Selly Chepngetich v Republic [2015] KEHC 5997 (KLR) | Alcoholic Drinks Control | Esheria

Selly Chepngetich v Republic [2015] KEHC 5997 (KLR)

Full Case Text

REPUBLIC OF KENYA

IN THE HIGH COURT OF KENYA  AT BOMET

CRIMINAL APPEAL NO. 2 OF 2015

SELLY CHEPNGETICH….….....………APPELLANT

VERSUS

REPUBLIC………………………….RESPONDENT

J U D G E M E N T

The appellant (Selly Chepngetich) was charged and convicted of two offences under the Alcoholic Drinks Control Act.  These were:-

Count 1- Possession of a substance (kangara) used in distilling changaa without a licence contrary to section 27(1) (2) of the Act.

Count 2- Possession of 10 litres of changaa without a licence.

Upon conviction, she was sentenced as follows;-

Count 1- A fine of Khs.60,000/= in default one year imprisonment.

Count 2- A fine of Kshs.20,000/= in default one year imprisonment.

There  was a further order that if the fines were not paid, the sentences were to run concurrently.

The appellant appealed against both the conviction and sentence raising 4 grounds which I reduce  to 2. Namely:-

The plea was not unequivocal.

The sentence was harsh and excessive.

The appellant was not represented in the Lower Court and in the appeal. I have before me the record of what transpired on 16th October 2014 when the appellant was first arraigned in Court.

When the appeal came for hearing, the appellant submitted that her dissatisfaction was only with the sentence which she  wanted substituted.  The state did not object to that request.

As I have stated elsewhere in HCRA NO. 3/15, there is no offence in the Alcoholic Drinks Act called “Possession  of a substance used in distilling an alcoholic drink.”

Further that section 27 (1) and 2 under which the appellant was charged was a combination of several offences none of which was relevant to the particulars in the charge sheet. I therefore find  count 1 to be a defective charge as the offence with which the appellant was charged is non existent.

Coming to the 2nd count, I find the plea to have been unequivocal.  The only issue is the sentence. I note the following errors on the sentence.

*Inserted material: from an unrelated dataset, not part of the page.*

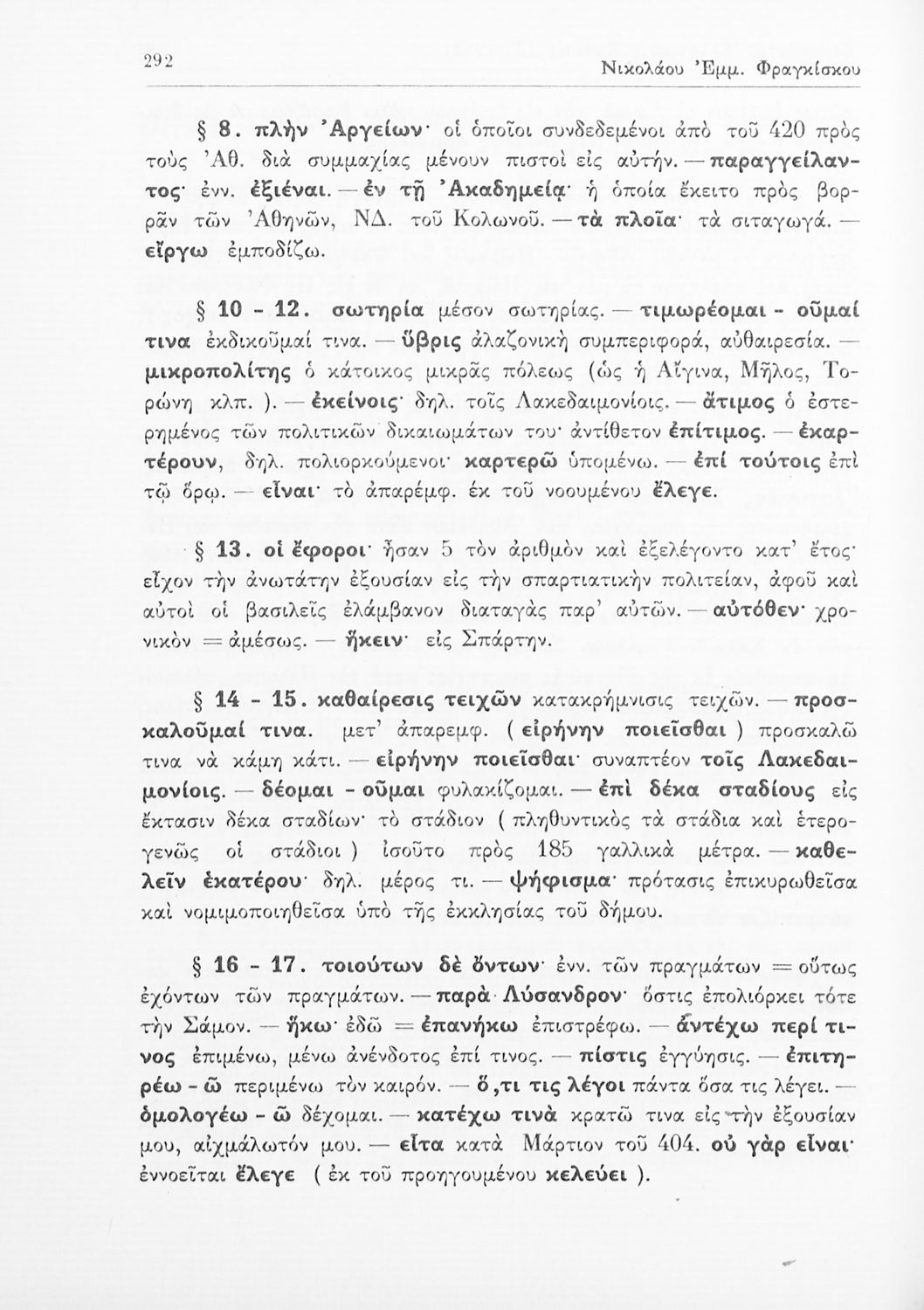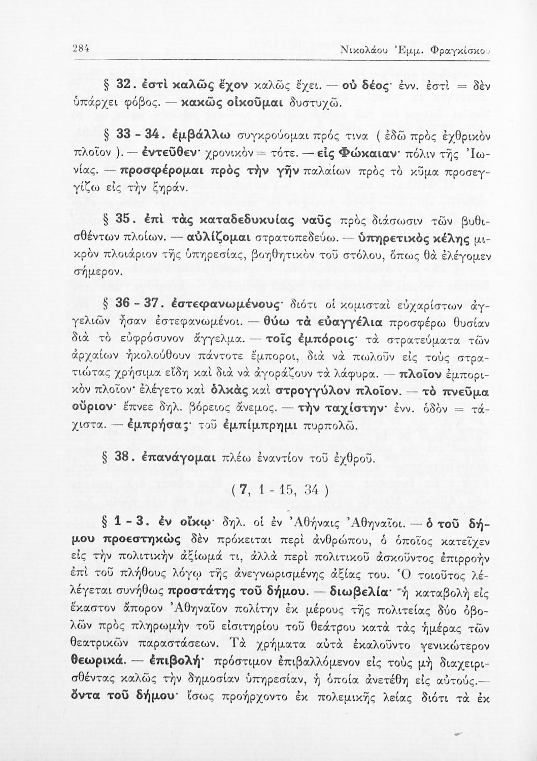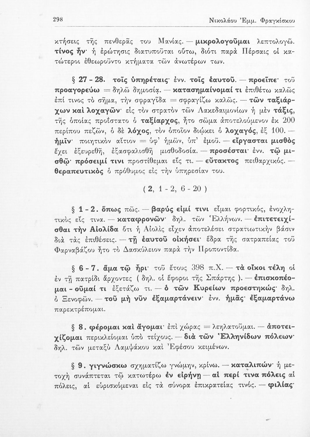 Ξενοφών, Κυριάκος Κοσμάς, Νικόλαος Φραγκίσκος (σχόλια)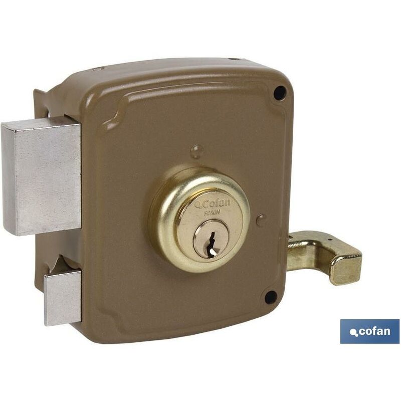 Serratura da applicare Serratura da applicare. Leva in acciaio. Cilindro tondo più 3 chiavi (2 giri). Incontro e bocchetta inclusi. Chiusura e maniglia interna. Finitura smaltata. Contiene viti di fissaggio. Alta: 9,30 Larghezza: 9,20 EAN: 8445187206500 Peso (kg): 0,857 Profondità: 18,50 Riferimento: 14940100I

In count 1 where the fine was  Kshs.60,000/= the default sentence is one year imprisonment.  In the second count where the fine was Kshs.20,000/= the default sentence is one year imprisonment. This disparity  cannot be explained.

The order that the sentences run concurrently is an unlawful order. In an instance where there is a default sentence, the said default sentence can never run concurrently, with another sentence. Each default sentence runs separately.  Even without an order being made the sentences run consecutively.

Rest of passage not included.